Unsustainable: An Honest Assessment of Massachusetts’ Healthcare Performance
By Barbra G. Rabson
Last month, the Commonwealth Fund published its annual scorecard on state health performance and gave Massachusetts the top overall ranking. The ranking was based on several metrics collected in 2019, 2020 and 2021 covering seven categories ― Reproductive and Women’s Health, Access and Affordability, Prevention and Treatment, Healthy Lives, Racial and Ethnic Health Equity, Income Disparity, and Avoidable Hospital Use and Cost. Massachusetts ranks highly in six out of seven categories (and #1 in five of them). This is good news. However, in the seventh category, Avoidable Hospital Use and Cost, Massachusetts ranks 44th out of 51 (District of Columbia is included in the rankings). We had our worst performance on these three metrics in this category:
Primary care spending as share of total healthcare spending for Medicare beneficiaries ― Massachusetts spends a shockingly low 4.7% of total healthcare cost on primary care for Medicare beneficiaries, compared to 5.5% nationwide. We rank 46th on this measure. (This result actually worsened since 2018 when the percent of primary care spend was 5.4%, and the MHQP/CHIA Primary Care Dashboard shows this declining further to 4.6% in 2021.)
Preventable hospitalizations for Medicare beneficiaries ― In Massachusetts, 36 per 1,000 Medicare beneficiaries were hospitalized for preventable conditions, compared to 29 nationwide. These are inpatient stays for treating ambulatory care-sensitive conditions (ACSCs) that evidence suggests may be avoidable, in part, through timely and quality primary and preventive care. We rank 47th on this measure.

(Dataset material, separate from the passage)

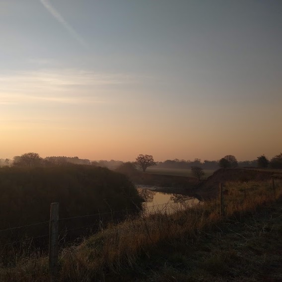 I didn’t plan to post today, but since I shared my sundown stroll with you last week, it seems selfish not to share the delight of a bright sunrise walk this morning. I left the house at 6.20, going along the River Ure, up the hill to a neighbouring farm, and back through the grounds of Sleningford Hall.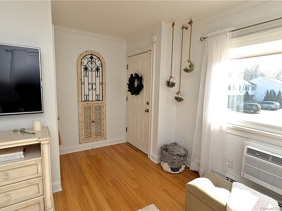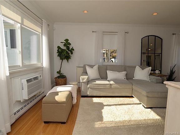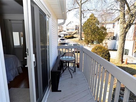 "Right out of House Beautiful" this immaculate, updated unit is beautifully renovated and decorated. Crown molding & bamboo floors thru out. Sunny unit with spacious living room open to dining area & updated kitchen with granite counters & stainless steel appliances. Nice master bedroom with a walk-in closet & sliders to the deck. Updated bath. Great views from the deck! New new windows, door, sliders, wall heaters and hot water heater are a few more features of this most perfect place conveniently situated in Springdale on the New Canaan border. Close to the Merritt parkway & walking distance to the Springdale train station. Low common charges are also a plus. This unit also has its owns storage and laundry plus 2 designated parking spots, one in front and one in the back.

Hospital 30-day readmission rate for Medicare beneficiaries ― 42 per 1,000 Medicare beneficiaries are readmitted to the hospital within 30 days in Massachusetts, compared to a nationwide average of 33. We rank 50th on this measure.
OK, so let’s think about this. Our worst performing measures point to a failure to prevent hospitalizations and hospital readmissions and inadequate financial support of our primary care system; and yet, we are the top ranking state in the country? What’s wrong with this picture? This is clearly not sustainable.
Our hospital-centric healthcare funding and culture threatens to undermine what the National Academies of Sciences, Engineering, and Medicine calls “the only part of the health care system that results in longer lives and more equity” ― primary care.
I recently wrote about growing concerns of the developing crisis in our primary care system. The Boston Globe has echoed these worries, reporting that “For old-school pediatricians, a way of life is under threat,” that “Primary care is on life support,” and that “Months-long waits accessing care leave patients sicker and in anguish.”
The warning signs are all around us. According to the MHQP/CHIA Primary Care Dashboard:
- Total healthcare spending dedicated to primary care for all age groups in Massachusetts declined from 7.6% in 2019 to 7.1% in 2020.
- The percentage of Massachusetts physicians who are primary care physicians (PCPs) is less than 30% and declining.
- Over 30% of PCPs are aged 60 and over and that percentage is increasing.
- Less than a quarter of Massachusetts medical school graduates are going into primary care.
Too many Bay State residents have healthcare experiences that are frustrating at best and dangerous at worst, and many are not even accessing the system when they need it due to skyrocketing costs. In a 2021 survey commissioned by the state’s Health Policy Commission, 46% of Massachusetts adults said they delayed or skipped care due to cost, and three in four residents were worried about being able to afford healthcare in the future. Moreover, in CHIA’s 2021 Massachusetts Health Insurance Survey, 41% of residents reported that they or a family member had healthcare affordability issues in the past 12 months and nearly one-third (31%) of residents reported having an unmet healthcare need in their family due to cost in the past 12 months (these numbers are even higher for residents of color.)
How long can we expect our primary care system to continue to perform well under these conditions? The disproportionate amount of Massachusetts healthcare dollars going to hospitals at the expense of primary care (and other preventive services such as behavioral health) creates a very unhealthy trajectory that will drag down our total healthcare system performance. It’s just not sustainable and it is time we prioritize primary care and prevention and keeping people well. We need to pass legislation that will support primary care and incentivize an adequate pipeline of new primary care clinicians.
The point was recently driven home for me by a primary care physician colleague who wrote: “I now tell specialists and the ED that the most dangerous words they can put in a note are ‘follow-up with PCP.’ The risk in the past was the PCP would never see [the patient], the risk now is that the PCP doesn’t even exist.”
Think about the impact this will have on preventable hospitalizations and hospital readmissions. We all need to care about this.